I have seen this same spec SAR with and without the "cyclops" and I'm not sure if that was an addition to later models only, or was removed by the owner - a common modification for those who hate the date magnifier. Personally, I hate the cyclops and removed it from mine the day after it arrived.

Some Specs

Movement: ETA 2824-2
Case material: brushed stainless steel 316L
Dial: 27.7mm
Crystal: sapphire - 2.8mm (thick) x 30.5 mm
Overall dimensions: 41.1mm (without crown) x 13.9mm
Lug-Lug: 46.5mm
Lugs: drilled - 20mm width
Weight: 93.1g (without strap)
Depth rating: 300m/1000ft.

Comments on form, function:

*Size:* The watch is not necessarily BIG, but rather "chunky." It wears smaller than the 41mm diameter would imply (due to the relative size of the dial), but thicker than the 14mm height would imply (due to the relative size of the bezel). With a reasonable 46mm lug-to-lug measurement, it's not odd-looking on my 7-inch wrist. It is somewhat heavy, but not a wrist anchor - maybe much heavier with the steel bracelet. The thickness is due to the 3mm sapphire crystal and huge 5.5mm bezel. The bezel is designed large to provide the ability to rotate with gloves on. For me, the thick and tactical look of the bezel, and the resulting deeply set dial is the most attrative feature of the watch.










*Hands:* As I mentioned, the hands on the SAR are better suited for diving than the current models in my opinion. They are white painted, lume-filled, "ladder" style hands that seem broad enough, and very legible against the matte black dial. The seconds hand has a red painted, lume filled arrowhead that matches the depth-rating text on the dial. The "plunger/syringe" look to the tritium hands on the TSAR and GSAR doesn't appeal to me.

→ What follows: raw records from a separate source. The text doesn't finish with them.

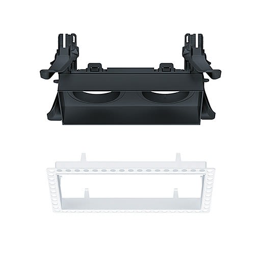 Cadre d´installation (double) avec cadre d'encastrement (trimless) pour plafonds en plâtre ; le cadre permet le remplissage d'enduit en plâtre et la finition in situ des joints de montage ; sert de plateforme pour la combinaison flexible des modules d'éclairage à LED DIAMO MD ; le cadre permet au module d'éclairage encastré d'être orientable sur 180° dans le plan horizontal et de 2 x 20° (SP/FL/VFL) dans le plan vertical ; montage simple sans outil du module par système d'encliquetage ; cadre en Polycarbonate (PC), ; montage sans outil par clips de fixation pour plafonds de 1-25 mm d'épaisseur ; découpe du plafond :202x107 mm, profondeur d'encastrement du module d'éclairage d'accentuation à LED : 150 mm ; dimensions extérieures du cadre : 222x127x79 mm ;poids : 0,22 kg;Note : le module d'éclairage à LED DIAMO MD doit être commandé séparément !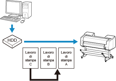 È possibile dare priorità ad altri lavori stampando per primi i lavori in fase di ricezione per l'elaborazione.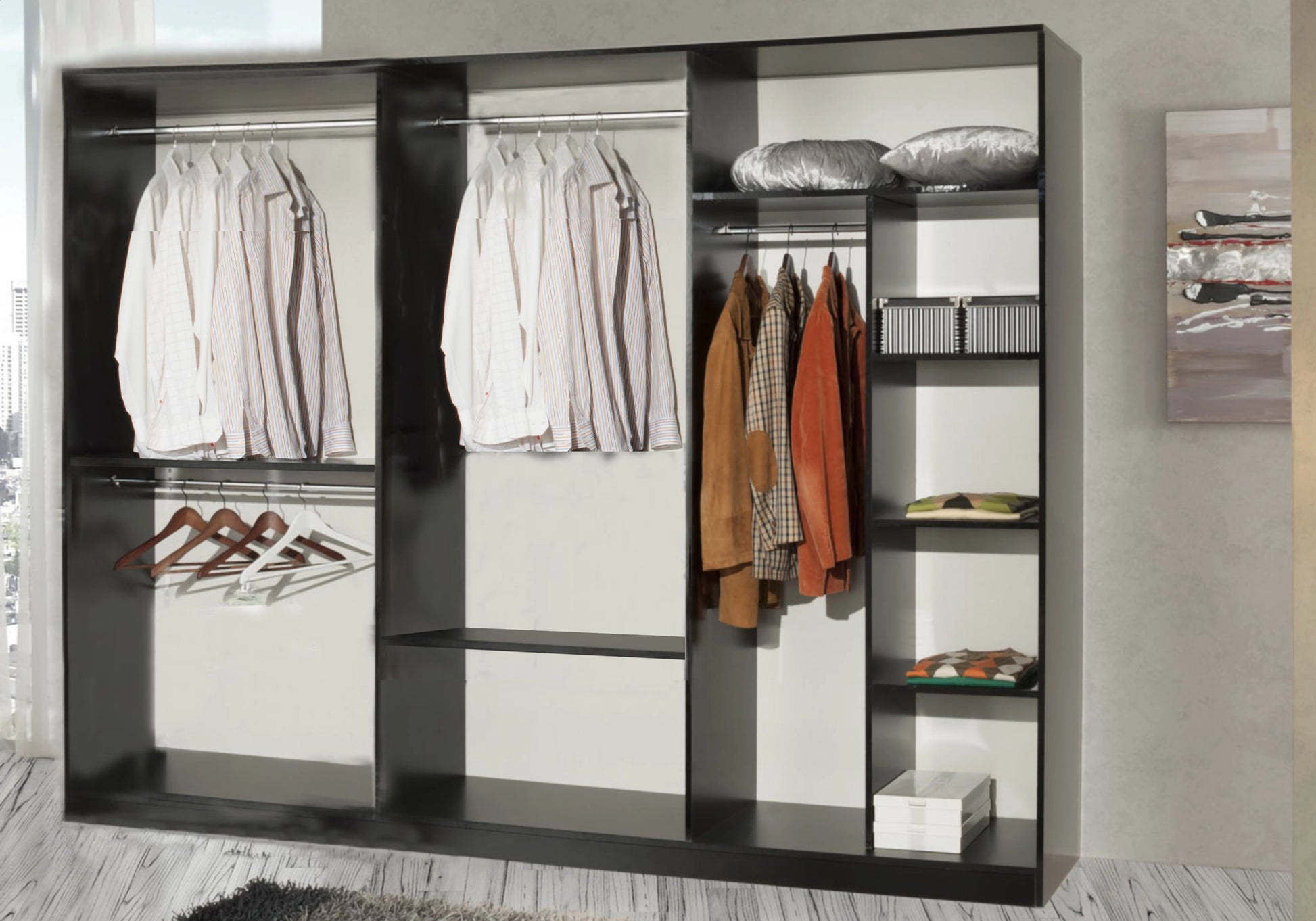 - Armoire 4 portes miroir avec penderie et étagères modulables.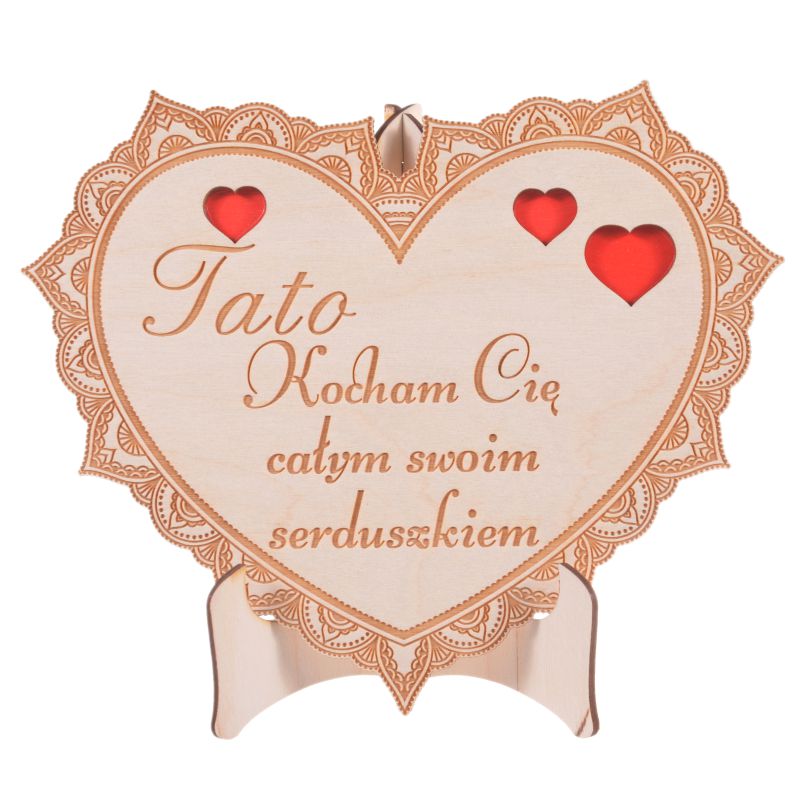 Grawerowane serce dla tatyTwój tata jest dość specyficznym człowiekiem, a Ty często nie wiesz, co mu podarować w takie dni jak Dzień Taty? Z nami już dłużej nie musisz poświęcać czasu na poszukiwania odpowiedniego prezentu, bo mamy dla Ciebie coś naprawdę efektownego i niezapomnianego, z czego Twój tata na pewno się ucieszy! Grawerowane serce na sztaludze dla taty to upominek, który nie tylko wzbudza ciekawość i pozytywne emocje, ale który pozwoli Ci wyrazić to, jak bardzo tata jest Ci bliski! Jeśli szukasz emocjonalnego prezentu, który pomoże Ci wyrazić emocje i jednocześnie w pewien sposób przekaże Twojemu tacie, jak bardzo go kochasz – to wystarczy, że zamówisz grawerowane serce na sztaludze dla swojego taty i mu je wręczysz! Dlaczego warto zamówić grawerowane serce na sztaludze dla taty?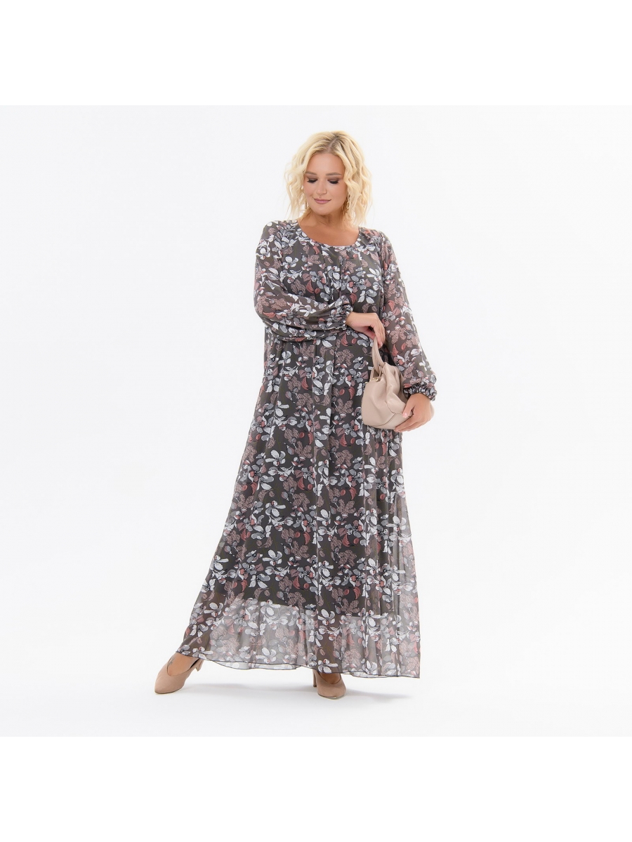 Длинное струящееся платье с рукавом реглан. Модель выполнена из шифона, на подкладке из эластичного трикотажа. Горловина округлая с мягкими складками по переду, по спинке вырез "капелька", застегивающийся на пуговицу.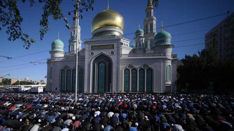 Мусульмане в день праздника Ураза-байрам у Соборной мечети в МосквеДзен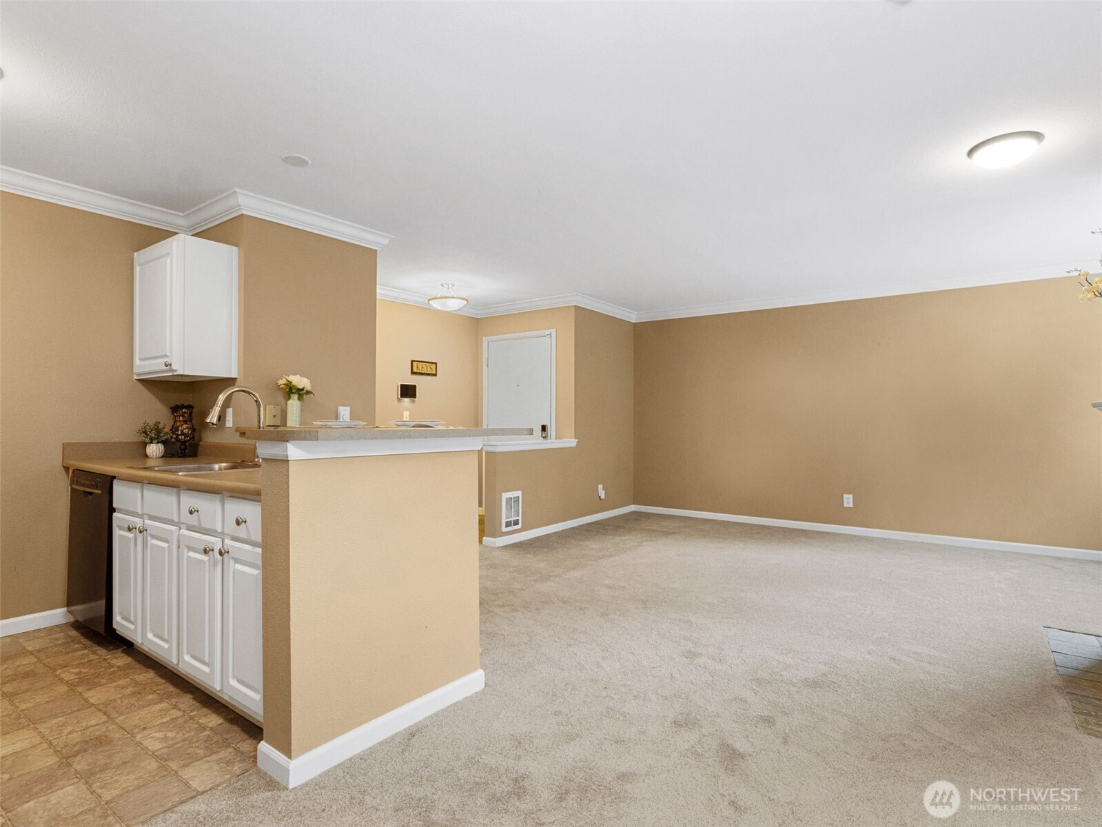 This bright, welcoming, street level condo with NO STAIRS has an open layout and brand-new carpet. It is designed for both comfort and ease of living. The spacious living area flows to a dining space and a private back balcony that overlooks a peaceful greenbelt—perfect for enjoying a quiet, natural setting. This home offers accessible wide hallways and doorways throughout, creating a more open and functional feel. Although technically a second-floor unit, it features true street-level entry making everyday access simple and convenient. A covered entry and an assigned carport parking space directly in front (with extra room for easy loading and unloading) add to the convenience. Inside, you’ll find a well-equipped kitchen with newer range/oven, microwave, and dishwasher. The cozy wood-burning fireplace, white millwork, and crown molding bring warmth and charm to the space. The oversized bedroom offers exceptional flexibility, with a walk-in closet and room for a home office or additional living space. Located in the gated Madera West Condo community where rentals are allowed and up to two pets welcome. HOA dues include water, sewer, and garbage, plus access to amenities: clubhouse, pool, hot tub, exercise room, sports court, playground, dog park & community garden. Also available are RV/boat parking and guest parking. Close to parks and I-5 & light rail access. Vivint security system in home is included.

*Dial:* Again, I think that this dial is better suited for diving than the current TSAR and GSAR dial - these newer models have a more tactical, military look, but a bit crowded and cluttered for my taste. The dial on my SAR is a clean, clear, "military diver" design. Very legible with a matte black dial with white printed individual minutes index and luminous markers at the hours. The date window is at 3:00, perfectly situated where the hour marker would be. The lume is SuperLuminova that is "baked-on" in a special process - Marathon calls this "Maraglo." The lume has very good performance, charging in a short amount of time and lasting several hours - quite impressive. Other than brand, the dial bears "Swiss Made," "Automatic," and "300m/1000ft" markings.










*Bezel:* I metioned before that the thick bezel and resulting deep-set dial is what sold me on this watch. But also the tactical look of the engraved/filled index (not just printed/painted-on) - just looks really rugged and perfect for the watch. Early contract years for the SAR had the same bezel but with a non-staked luminous triangle that tended to fall out if struck hard enough. This was corrected for the Nov. 2004 SAR's. In addition, they fine-tuned the bezel to 120-clicks rather than the previous 60-clicks. It feels very sure when rotating the bezel (uni-directional) because of the thick, large-tooth bezel edge that overlaps the case.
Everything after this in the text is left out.